The government has launched a call for evidence asking for views on “non-compete” clauses which, on the termination of an employment relationship, seek to prevent a former employee competing against his or her former employer for a certain period. (See here)
The call for evidence has arisen in light of suggestions that such clauses can hinder start-ups from hiring “the best and brightest” talent, forming a barrier to innovation and employment.
So will we see such clauses banned?
The call for evidence merely seeks to identify whether or not such clauses stifle “opportunities to innovate and grow”. An outright ban is not at this stage suggested. Any legal developments in this regard are, in any case, likely to be a way off.

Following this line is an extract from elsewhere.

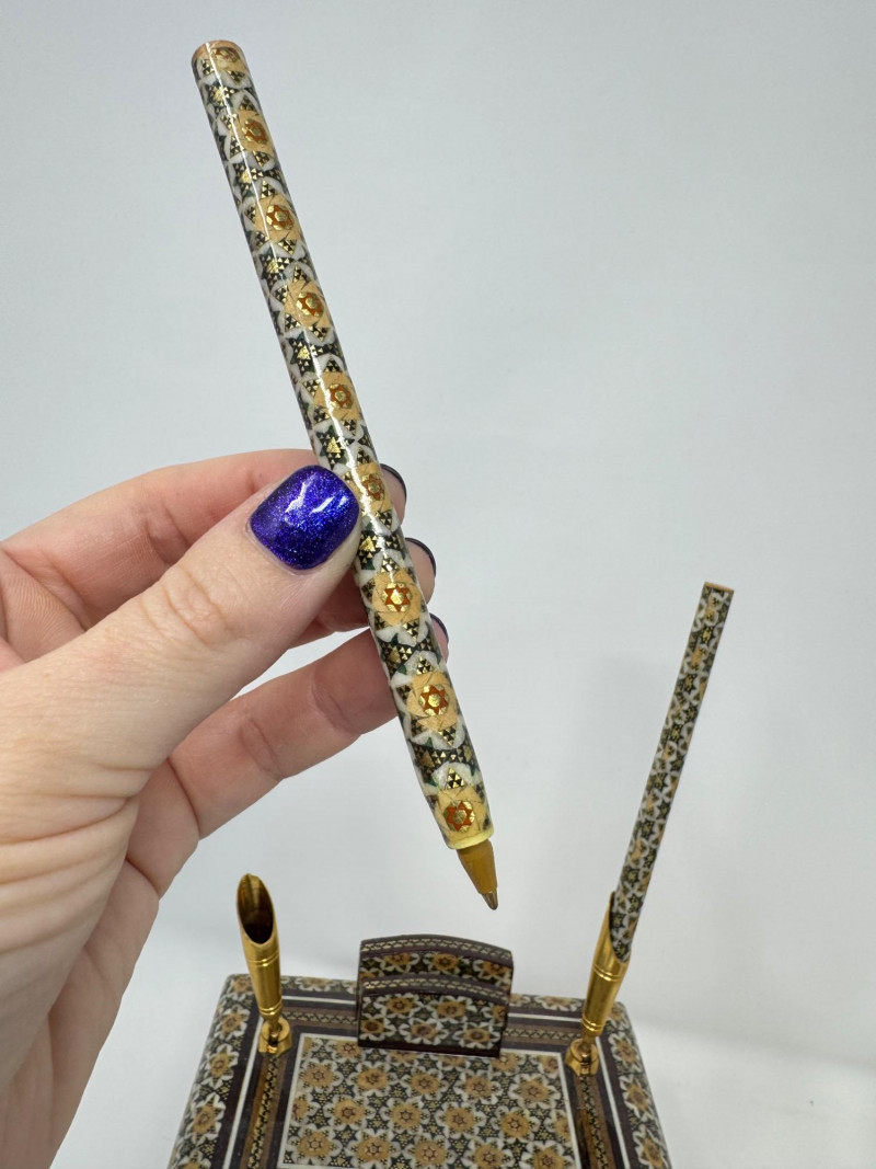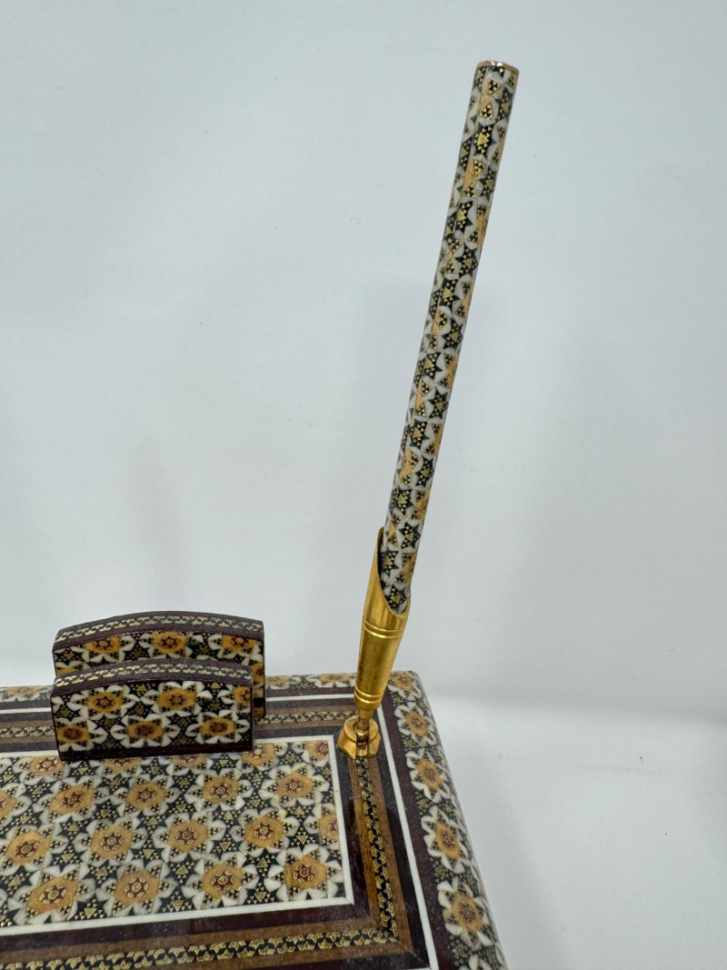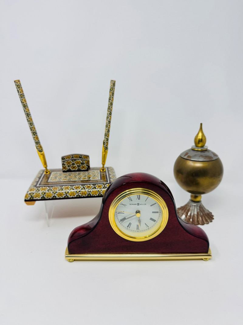 Howard Miller Desk Clock, Brass Temple Jar & Persian Pen Holder Lot.

This is simply a call for evidence; it will be the results of this which will determine whether or not the government pursues any statutory legal restrictions on the use of such contractual provisions.
However, it seems unlikely that tackling non-compete clauses in employment contracts on their own will positively impact on innovation and entrepreneurship.
How non-competes are enforced by the courts
Non-compete provisions will only be enforced by the courts so far as they are reasonably necessary to protect legitimate business interests. As such, only those non-competes which are narrowly drafted and are really necessary to protect a former employer’s business are likely to withstand the rigorous scrutiny of the courts. Indeed, because of this very difficultly, many employers rely on a package of measures to protect their business, often allowing a former employee to work for a competitor, but prohibiting them from soliciting customers and suppliers, and from poaching former colleagues. All of these restrictions are subject to the same test – they must not go any further than is reasonably necessary to protect the former employer’s legitimate business interests if they are to be enforceable. The restrictions must be limited by factors such as duration and geographical scope and in most cases, should be limited to those customers or suppliers with whom the former employee had a direct working relationship with.
Employers may also make use of longer notice periods and garden leave provisions to circumvent any statutory restrictions on preventing employees competing post termination. It seems difficult therefore to pin any stifling of innovation and talent simply at the door of the non-compete clause.
The employment contract may be only part of the picture
The employment contract may also only be part of the picture in some cases. Individuals who are shareholders or former shareholders may well be subject to similar but distinct clauses in a shareholder agreement or sale and purchase agreement.
It will be interesting to see what reaction the call for evidence receives. Indeed, as the small businesses that the government is seeking to encourage themselves grow and develop into future large employers – will they not be wanting to protect their valuable business interests – although only so far as is reasonably necessary?